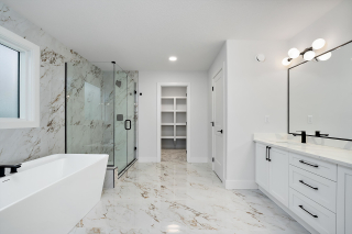 *The Master Bedroom features a spacious walk-in closet with MDF finishes and a spa-like Ensuite with freestanding tub, standing shower, and double sinks.
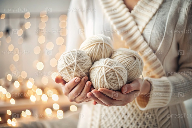 Близко. женщина с шариками пряжи в белых и бежевых тонах в руках. Игла, вязание. Зимний сезон, малый бизнес, ручная одежда
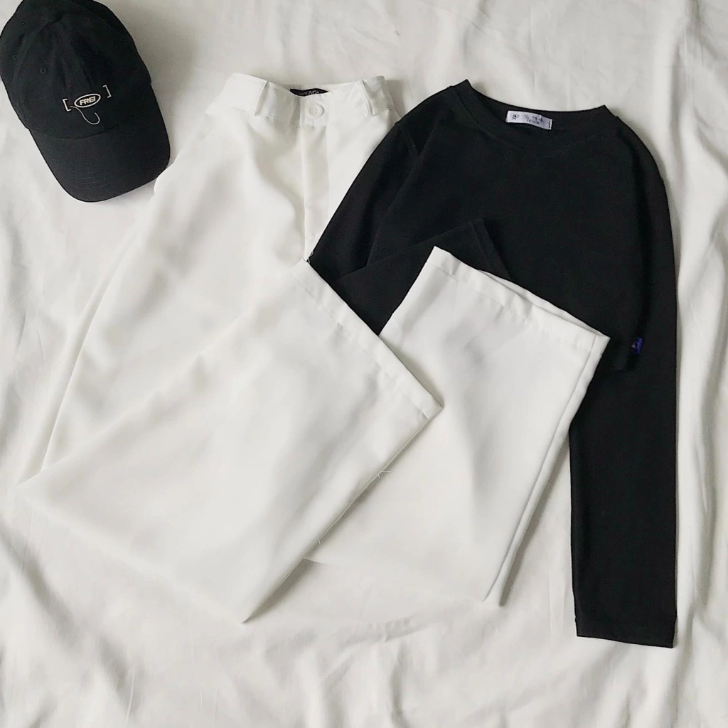 El conjunto se presenta en elegante color negro para la blusa y blanco rito para el pantalón, lo que lo convierte en una opción versátil que puedes combinar con tus accesorios favoritos y blusas de diferentes estilos.
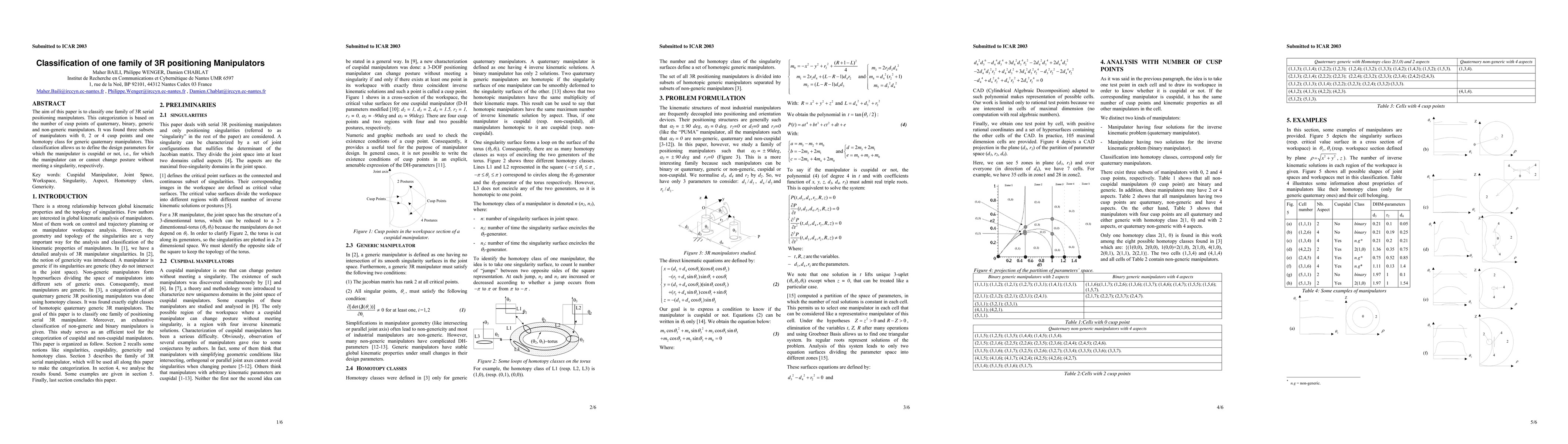 The aim of this paper is to classify one family of 3R serial positioning manipulators. This categorization is based on the number of cusp points of quaternary, binary, generic and non-generic manipulators. It was found three subsets of manipulators with 0, 2 or 4 cusp points and one homotopy class for generic quaternary manipulators. This classification allows us to define the design parameters for which the manipulator is cuspidal or not, i.e., for which the manipulator can or cannot change posture without meeting a singularity, respectively.
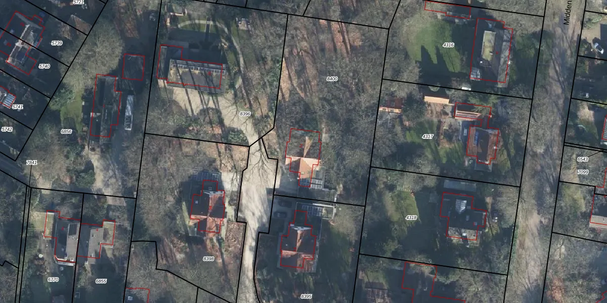 Middenlaan 1-c is gelegen op kadastraal perceel DOO00A8400. Deze kadastrale aanduiding is uniek en wordt gebruikt door het Kadaster om eigendomsrechten en andere zakelijke rechten vast te leggen. Het perceel maakt onderdeel uit van de kadastrale gemeente Doorn.
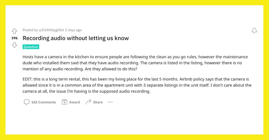 Airbnb Guest Blasts Host for Recording Audio via Camera
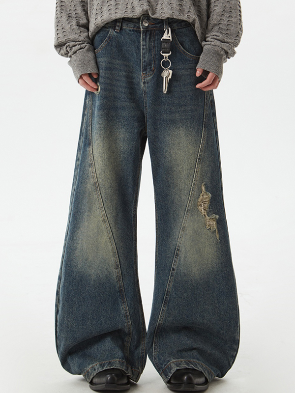 Men’s Multiple Pocket Colorful Print Loose Jeans
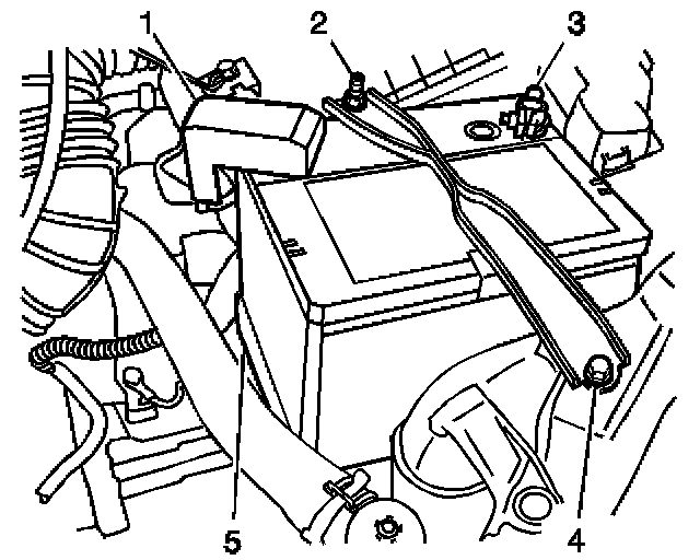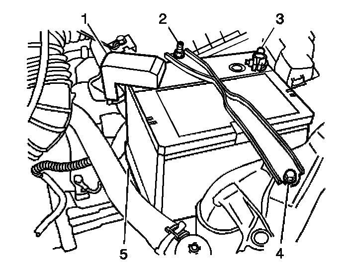 1. Install the battery (5) into the vehicle. Position the battery into the carrier.
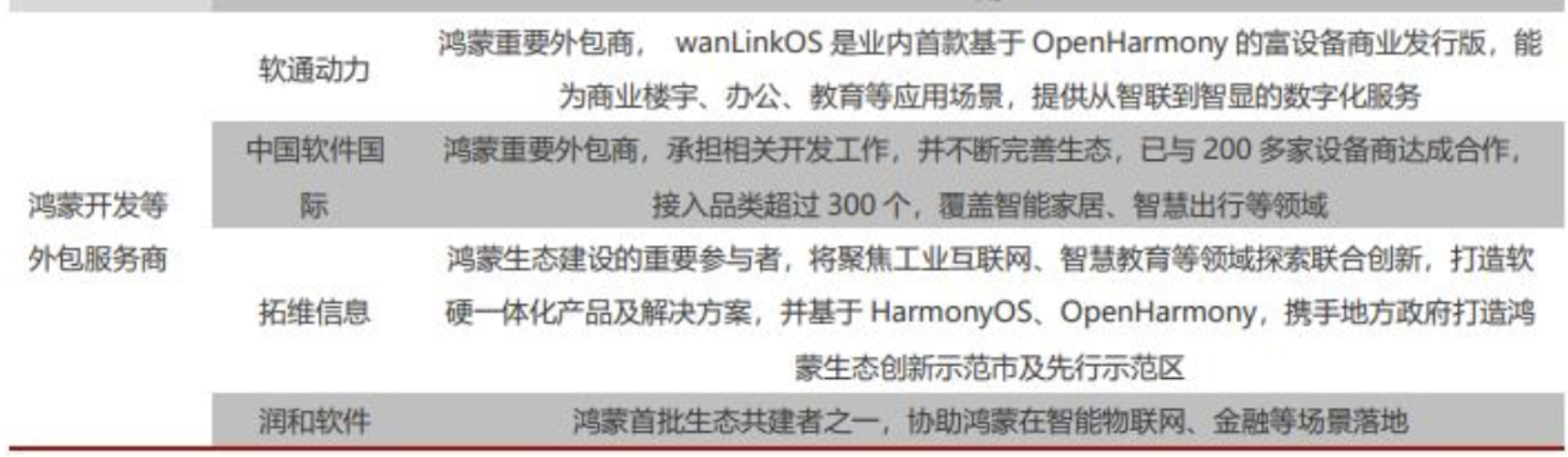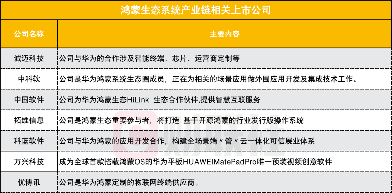 中银证券则进一步指出,当前已有近2000家合作伙伴加入HarmonyOS Connect生态,其中,直接参与者和合作者或成最大受益人,适配鸿蒙生态系统的软硬件企业在鸿蒙生态推广后也将持续收益。
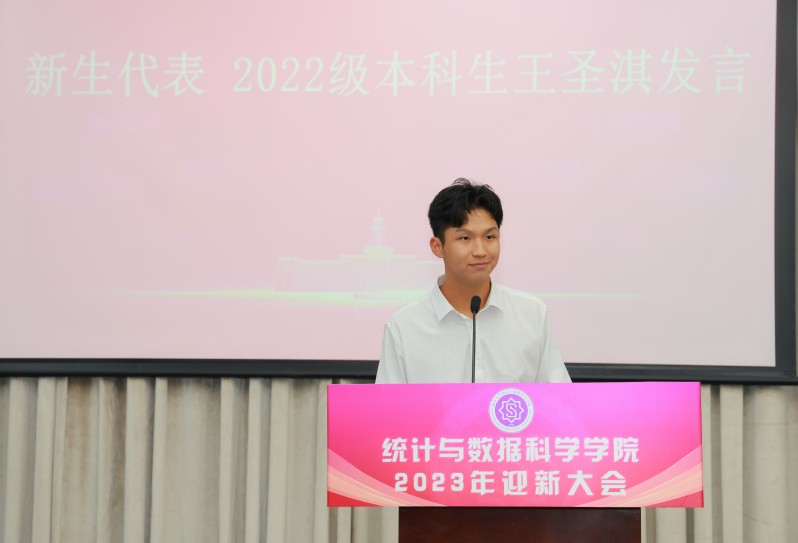 2022级本科生王圣淇作为新生代表发言,他分享了自己成长路上的奋斗历程,表示来到统院以后,同学们未来依旧要面临许多艰难险阻,要始终付出努力,才能获得成长。他认为:“求学问需要真正的爱与执着。”同学们要心怀大数据造福社会的美好愿景,也要具有“小我融入大我”的社会担当,使之化为坚持到底的勇气和力量。
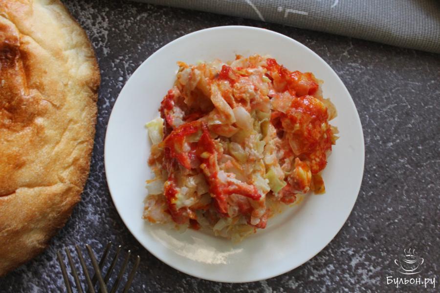 Запеканка из капусты с фаршем а-ля "Ленивые голубцы" для любителей быстрых и простых блюд, которые готовятся в духовке. Запеканка получается очень сочная, сытная, вкусная и нежная. Такое блюдо хорошо готовить, когда нет времени долго быть на кухне. Готовится запеканка просто. Если у вас под рукой нет свежих помидоров их можно заменить на 3 ст. л. томатной пасты и 250 мл. воды. Если вы не употребляете майонез, то его можно заменить на 200 мл. сметаны.
---
- [GOAL OF THE EXERCISE]:
Range to print from the listing above: from the line with "Middenlaan 1-c is" up to and including the line with "Airbnb Guest Blasts". Please print those lines exactly, with no pictures and nothing more.

- [ANSWER BELOW]:
 Middenlaan 1-c is gelegen op kadastraal perceel DOO00A8400. Deze kadastrale aanduiding is uniek en wordt gebruikt door het Kadaster om eigendomsrechten en andere zakelijke rechten vast te leggen. Het perceel maakt onderdeel uit van de kadastrale gemeente Doorn.
 Airbnb Guest Blasts Host for Recording Audio via Camera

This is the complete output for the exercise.